Rosnąca rentowność polskich obligacji skarbowych – kłopot dla budżetu i dla banków

Rosnąca rentowność polskich obligacji skarbowych – kłopot dla budżetu i dla banków
Fot. stock.adobe.com/Aga Rad
Udostępnij Ikona facebook Ikona LinkedIn Ikona twitter
Rentowność 10-letnich obligacji skarbowych wyniosła w poniedziałek 22 listopada 3,231 i była nieco niższa niż w piątek 19 listopada (3,384), ale od początku miesiąca wzrosła o blisko 0,4 pkt proc., a od początku roku o blisko 2 pkt proc. Wraz ze wzrostem rentowności obligacji rosnąć będzie koszt obsługi zadłużenia państwa, pisze Witold Gadomski.

W sąsiednich Czechach rentowność 10-letnich obligacji wynosi 2,635%, obligacji słowackich -0,210%, węgierskich 4,135%, rumuńskich  5,265%, chorwackich 0,456%, bułgarskich 0,550%, niemieckich -0,349%.

Rentowność polskich obligacji jak w roku przystąpienia do Unii Europejskiej

W strefie euro najwyższą rentowność mają obligacje greckie 1,151%, a w sześciu krajach (poza Niemcami i Słowacją także w Holandii, Belgii, Austrii, Finlandii) są ujemne.

Niska rentowność obligacji chorwackich i bułgarskich wynika z przystąpienia tych krajów do mechanizmu ERM2, popularnie nazywanego przedsionkiem strefy euro.

Trend rosnący rentowności polskich obligacji utrzyma się przynajmniej do końca roku 2022, kiedy osiągnie poziom 6,673%.

Rentowność obligacji większości krajów w tym roku wzrosła, wraz z rosnącą inflacji i stopami procentowymi, ale polskich rośnie szybciej niż innych krajów.

Według portalu WorldGovernmentBonds trend rosnący rentowności polskich obligacji utrzyma się przynajmniej do końca roku 2022, kiedy osiągnie poziom 6,673%.

Ostatni raz tak wysoką rentowność polskie 10-letnie obligacje skarbowe notowały w roku 2004, przy czym wówczas trend był spadkowy.

Koniec taniego pożyczania przez państwo

Wraz ze wzrostem rentowności obligacji rosnąć będzie koszt obsługi zadłużenia państwa. W roku ubiegłym koszt ten wyniósł 29,3 mld zł, a na rok bieżący jest zaplanowany na poziomie 28 mld zł.

Niższe koszty obsługi długu mimo jego wzrostu były wynikiem malejącej rentowności obligacji. Ponieważ jednak trend się zmienia, w najbliższych latach rosnący dług będzie powodował coraz wyższe koszty obsługi.

Zadłużenie Skarbu Państwa  na koniec sierpnia 2021 r. wyniosło 1 135,6 mld zł i było o 38,2 mld zł większe niż pod koniec 2020 roku. Cały dług państwa jest znacznie wyższy, z tym ze część jego przypada na samorządy, a także na państwowe instytucje nie zaliczane go sektora finansów publicznych – Polski Fundusz Rozwoju i Bank Gospodarstwa Krajowego.

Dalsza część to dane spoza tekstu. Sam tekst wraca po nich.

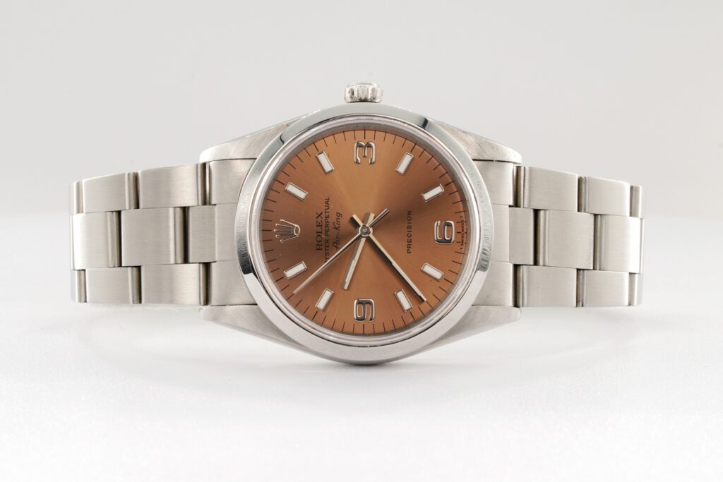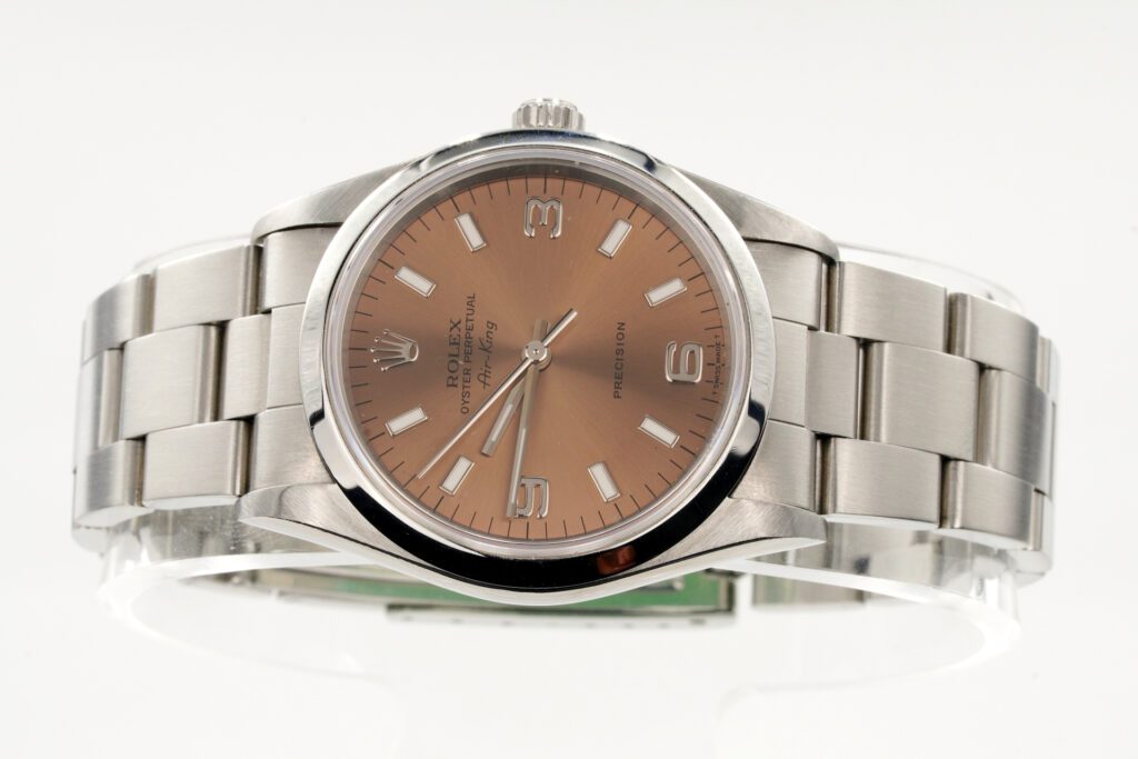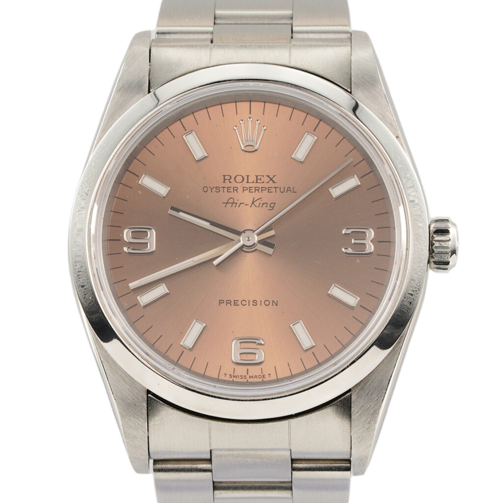 BeckerTime is proud to offer this super nice Men’s 34mm Rolex Stainless Steel Air-King Watch model ref #14000 with a Salmon Arabic dial. And it get’s better…It has a Rolex Oyster band a SAPPHIRE CRYSTAL and comes with the original ROLEX PAPERWORK. This Rolex is in SUPER EXCELLENT CONDITION.

Zamiast pożyczać państwu lepiej było kredytować firmy?

Rosnąca rentowność obligacji oznacza spadek ich bieżącej wartości. Tracą więc posiadacze obligacji, w tym polskie banki, które we wrześniu b.r. posiadały w swych portfelach instrumenty dłużne, głównie obligacje skarbowe, wartości 775,3 mld zł. Stanowiły one 30,4% wartości posiadanych aktywów.

W ostatnich latach wartość obligacji w portfelach banków rosła znacznie szybciej niż wartość udzielanych kredytów

Od początku roku wyceny rządowych papierów dłużnych spadły o 4,5%, co oznacza straty dla sektora bankowego blisko 35 mld zł.

Banki były zachęcane do inwestowania w obligacje Skarbu Państwa, ponieważ inwestycje te (inaczej niż kredyty udzielane przedsiębiorstwom lub konsumentom) nie są obciążone podatkiem od niektórych instytucji finansowych.

W ostatnich latach wartość obligacji w portfelach banków rosła znacznie szybciej niż wartość udzielanych kredytów.

W niektórych przypadkach przekroczyła wartość kapitałów posiadanych przez banki, a to zmusza je do wyceny nadwyżkowych obligacji po cenie rynkowej.